Пытаясь не поддаваться панике, я мысленно твердила, что это
невозможно, что наш захолустный городок слишком далёк от имперской
столицы, а значит, здесь не может быть... Едва различимая во тьме
тень скользнула на границе видимости. Теперь я знала, что не
ошиблась, и жить мне осталось считанные мгновения. Как-то сразу в
груди развернулась пружина, не дающая мне дышать. Зачем бояться,
когда уже поздно, и нельзя ничего изменить?

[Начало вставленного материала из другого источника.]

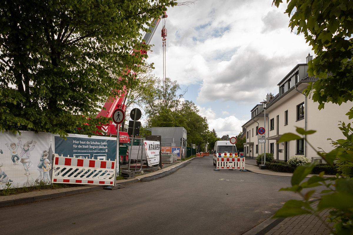 Der Bau der zweiten Sofortschule, auf dem Gelände der KGS In der Auen in Refrath, ist weitgehend geräuschlos gestartet, die ersten Module sind bereits montiert. Beim Termin vor Ort kündigt die Schulbau-Gesellschaft an, dass der abgeräumte öffentliche Spielplatz auf dem benachbarten Kirchengelände wieder erstehen soll.
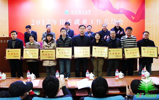 会上表彰了2012年招生宣传先进集体8个,招生宣传先进个人16人;2012年就业工作先进集体9个,就业工作先进个人16人。与会领导分别为先进集体和先进个人颁发了奖牌和证书。

Я всё время торопилась, пыталась произвести впечатление на тех,
кого презирала, берегла безупречную репутацию, откладывала на
завтра... Всё откладывала. Так и не решилась купить настоящие
атласные простыни, записаться на курсы йоги, подать заявку на
репродукцию и высказать всё Жанне, подруге, которая увела моего
парня. Так часто я заглядывала в витрины магазинов, в ожидании
скидок, водила пальцами по рекламным проспектам туристических фирм,
не решаясь купить желанный тур, даже колготки покупала на
распродажах из тех, что остались в продаже.
Вдруг пришло обидное понимание, что всё, что я накопила,
достанется сводной сестре, которая откровенно меня недолюбливает.
Да, что уж там, ненавидит меня эта девица, за то, что бабушка мне
квартиру отписала, а ей - лишь книгу собственного сочинения, по
этике. Понять-то сестрицу можно, я бы, может, тоже... Хотя, вот тут
пометочку стоит поставить – Кариса, о есть я, не умеет ненавидеть.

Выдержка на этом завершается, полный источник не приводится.